4. The Impact of Ketosis on Reproductive Efficiency of Dairy Cattle

Ketosis refers to a nutritional metabolic disease of the blood circulation in which ketone bodies exceed normal physiological levels, and the excessive accumulation of fatty acids in the liver is the main cause of ketosis. Ketosis is a common metabolic disease around the post-parturient period [97], and later parity cows are more susceptible to the incidence of ketosis [98]. Predisposing factors of ketosis are similar to the ones causing postpartum NEBAL, NEFA mobilization, and hepatic lipidosis, discussed in the earlier sections. The liver oxidizes this NEFA and produces ketone bodies, and circulating NEFA and ketone bodies assist in overcoming the dairy cows’ energy requirements when suffering from NEBAL [39,53,99,100]. The more severe the NEBAL in the post-perinatal period of cows, the more NEFAs are transferred to the liver, leading to rapid increases in concentrations of ketone bodies such as BHBA, and eventually leading to different degrees of ketosis in cows. Since BHBA concentrations in the serum can directly reflect the extent of ketosis, they are often used as an important indicator for the diagnosis of ketosis.

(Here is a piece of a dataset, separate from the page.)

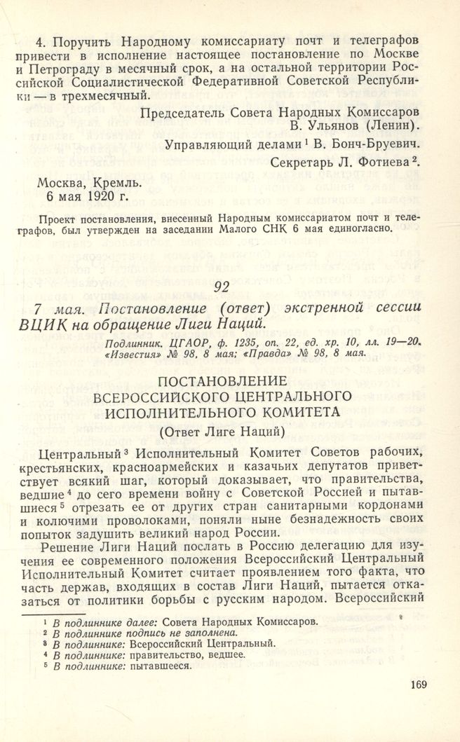 7 мая. Постановление (ответ) экстренной сессии ВЦИК на обращение Лиги Наций

Studies have found that the incidence of ketosis in the first 2 postnatal months is 2% to 15%. However, the incidence of subclinical ketosis during the same period could be as high as 40% to 60%. In addition, studies show that high-yielding cattle may have higher incidences of ketosis, due to more severe NEBAL in the post-parturient period [13,101,102]. Ketosis causes a decrease in the quantity and quality of milk, besides a decline in fertility in dairy cows. In one study, the economic losses of each cow with subclinical ketosis were averaged to be about USD 51, and the economic losses of clinical ketosis were about USD 232 per cow, while the long-term economic losses of subclinical ketosis in later parity cows can even reach USD 213 per head [103,104]. It affects the ovarian activity, the uterus and fallopian tubes, fertilization, and early and late embryo development [105,106,107,108,109]. A study considering the prenatal NEFA concentration and its relationship with metabolic hormones showed that cows in the prenatal high NEFA group were less likely to resume the estrus cycle than cows in the low NEFA group, suggesting that high concentrations of NEFA inhibited the recovery of postpartum ovulation [15].

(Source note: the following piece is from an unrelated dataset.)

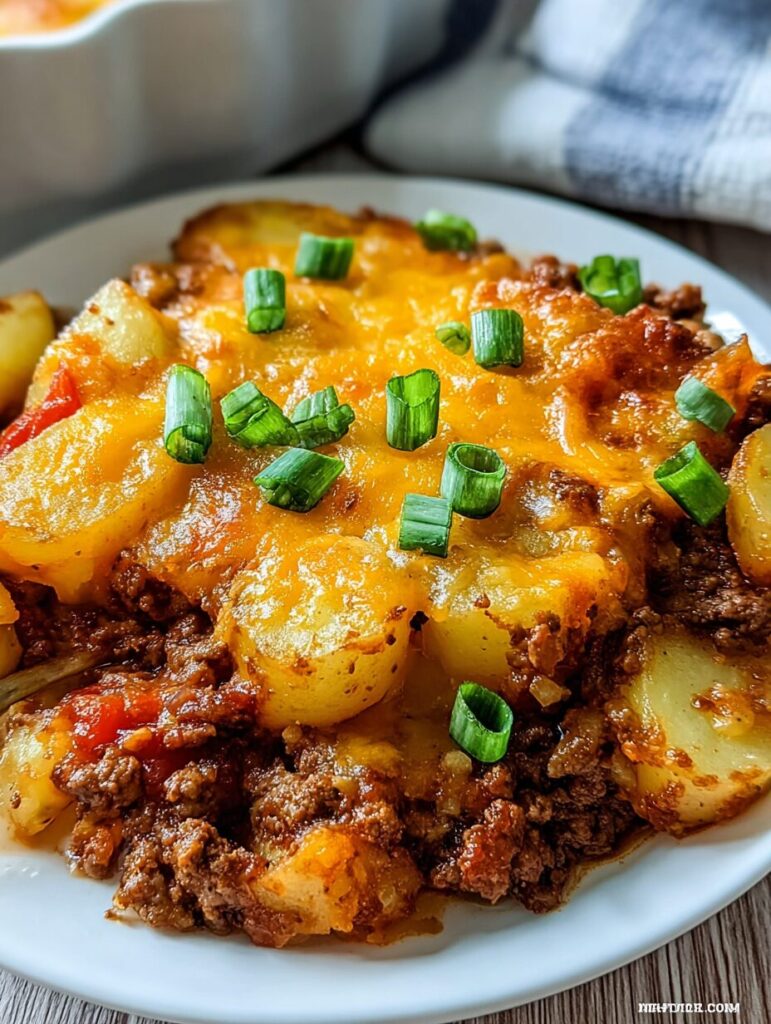 To avoid common pitfalls, ensure the ground beef is fully cooked before layering, and don’t skip the foil cover during the first hour of baking. This keeps everything moist and helps the potatoes cook evenly!

4.1. Ketosis and Ovarian Dynamics

Postpartum ovarian follicle recovery or the initiation of development is the basis of the cow’s normal reproduction resumption. With the development of follicles, the amount of E2 secretion is increased, causing signs of estrus and triggering the LH surge for ovulation. Therefore, it directly determines the first postpartum service and the fertilization rate. Studies show that cows with subclinical ketosis delayed the exhibition of estrus and the duration was relatively shorter when compared to healthy cows. This suggests that ketosis affects the development of follicles and the normal synthesis and secretion of E2 in cows after calving [110]. NEFA accumulates in the follicle fluid, changing the composition of its metabolite profile, directly affecting the energy metabolism level of granulosa cells and causing apoptosis [111]. Studies show that, when compared with healthy cows, there is a decrease in time to first ovulation and 60 d postpartum conception rates in the cows with postnatal high blood NEFA and postpartum subclinical ketosis, respectively [105,112]. The high concentration of NEFA and BHBA in the blood circulation of diseased cows decreases and degrades the insulin-like growth factor (IGF-1) [113]. IGF-1 has a direct impact on the GnRH activity and LH activity, causing reduced E2 secretion. This phenomenon leads to failure of the follicular dominance and subsequent ovulation, delaying the time to first ovulation. In contrast, studies show that if follicles ovulate, the embryo quality remains poor. A decrease in IGF-1 concentration also leads to a decrease in progesterone secretion, and in that case, if initial pregnancy is confirmed, there is a greater chance of early embryonic death. Therefore, ketosis has long-lasting effects on follicles, ova, and embryonic development [59,112]. In conclusion, ketosis has a longer cycle of effects on cow reproduction and may involve follicle development to embryonic implantation.

4.2. Ketosis Association with Oocyte Maturation and Implantation

Metabolic disorders are manifested through changes in metabolites in blood circulation; therefore, the composition of follicle fluid is altered. Studies have confirmed a significant increase in BHBA and NEFA concentrations in ketosis cow follicle fluid [111]. A comprehensive study found high NEFA and BHBA, but lower glutathione, in the ovarian follicle fluid of cows suffering from liver diseases. Moreover, BHBA supplementation affected the concentration-dependent decrease in oocyte maturation, while the effect on blastocyst rate was significant [114]. In the presence of high NEFA, similar results are shown in cattle and human studies, where the follicular dominance and time to ovulation and blastocyst rate were reduced, respectively [115,116].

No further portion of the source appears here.